- Ulmus × diversifolia, drawing by Melville, 1939 of a tree (ref 36.16), near Bramfield, Hertfordshire.
- Hybrid parentage: U. glabra × U. minor 'Plotii' × U. minor 'Coritana'
- Origin: England

= Ulmus × diversifolia =

Elm cultivar

Ulmus × diversifolia, also known as the diverse leaved elm, was originally described by Melville in 1939 as a new species, U. diversifolia, though he later believed it a natural hybrid of Coritanian elm, Plot elm and Wych elm. He recorded its distribution in Hertfordshire, between Hatfield, Hertford and Watton-at-Stone, and in Suffolk, where it was common along the coastal plain from Ipswich and Felixstowe to Lowestoft and Beccles, occurring inland as far as Diss and Debenham, and probably extending further north into Norfolk and south towards Colchester, Essex. He accordingly referred to it as "the East Anglian elm".

The inclusion of the disputed U. coritana in its parentage has affected the reception of U. × diversifolia.
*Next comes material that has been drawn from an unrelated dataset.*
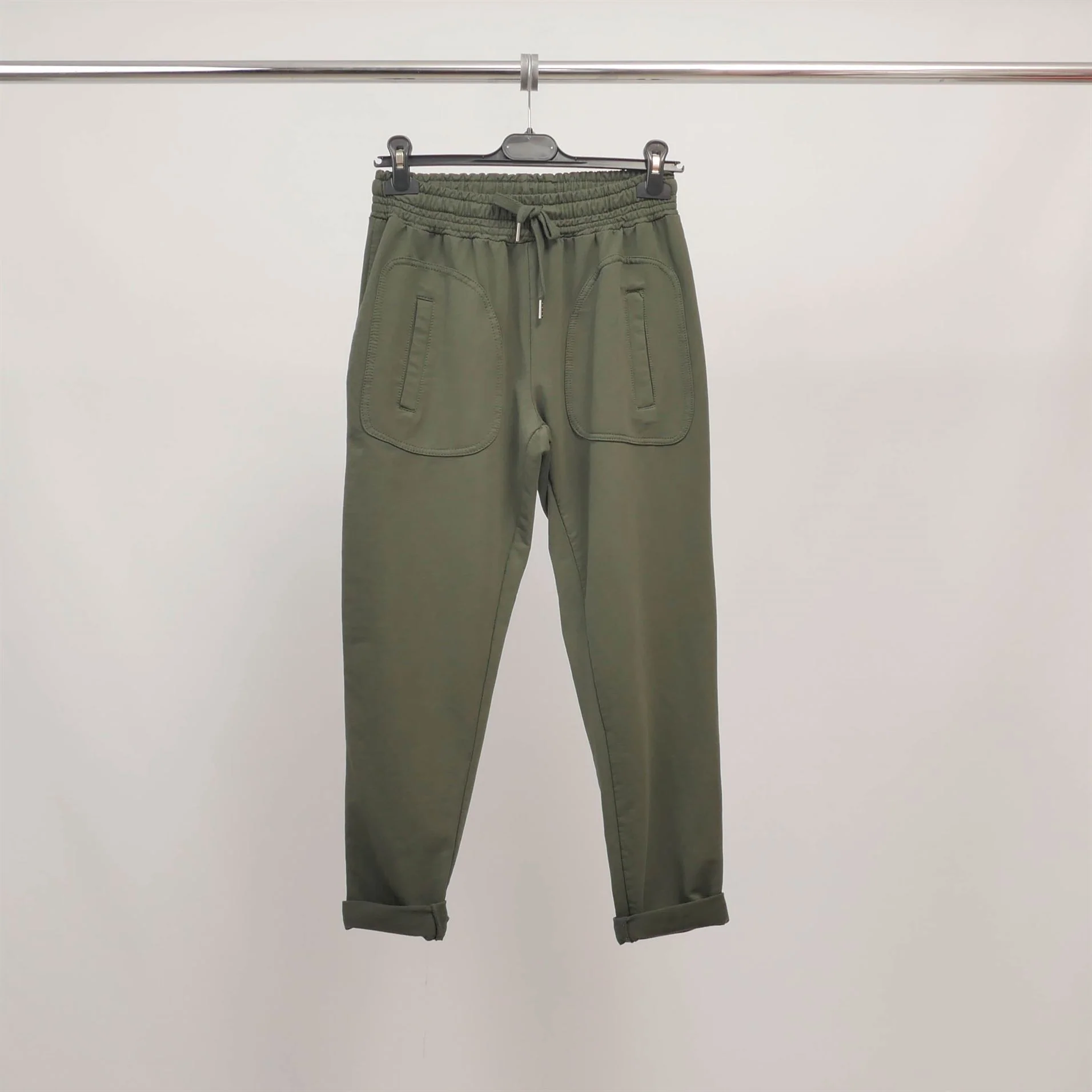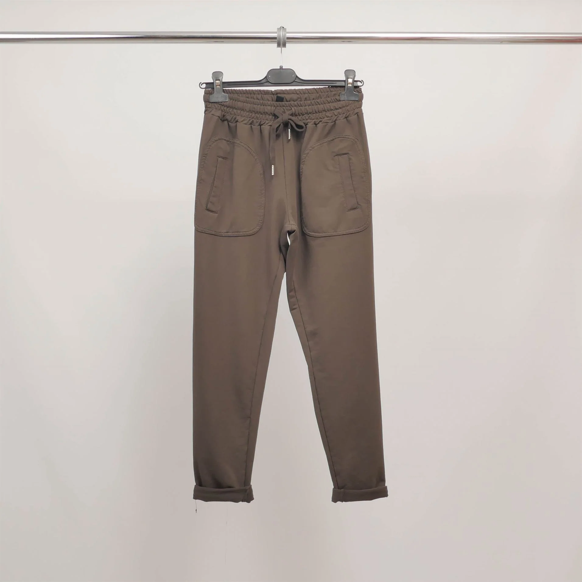 Un incontournable du vestiaire casual qui allie confort et style. Ce pantalon façon jogging se distingue par sa taille élastiquée avec cordon de serrage et ses grandes poches plaquées sur le devant, pour un look résolument moderne et fonctionnel. Sa coupe fuselée et ses bas de jambes légèrement retroussés soulignent une silhouette dynamique, tandis que sa matière douce et extensible accompagne vos mouvements tout au long de la journée. Parfait pour un style décontracté chic, à porter avec un sweat ample ou une chemise structurée.

Richens, who rejected the former, ignored × diversifolia in his study of East Anglian elms.

==Description==
Ulmus × diversifolia was described as an upright tree less than 20 m high with spreading branches and rather slender wiry branchlets. Gerald Wilkinson described its supposed distinguishing feature — about ten per cent of leaves on short symmetrical shoots — as "rather subtle". Melville included a drawing of the leaves in his 1946 paper, 'The British Elms', in The New Naturalist, and placed specimens in the Kew Herbarium.

==Pests and diseases==
East Anglian hybrid elms, including those Melville's considered U. × diversifolia, are susceptible to Dutch elm disease, but as they produce abundant root-suckers immature specimens probably survive in their areas of origin.

==Cultivation==
A rooted sucker was taken from a tree from the Hatfield to Hertford road and transferred to the arboretum nursery at Kew. Specimens held by the Royal Botanic Gardens at Wakehurst Place were listed as U. coritana × U. plotii × U. glabra and U. glabra × U. coritana × U. plotii.

==Notable trees==
Melville's type tree (ref 36.265) was situated on the south side of the Hatfield to Hertford road about three miles east of Hatfield.

==Accessions==
===Europe===
- Royal Botanic Gardens, Kew, UK. Acc. no. not known.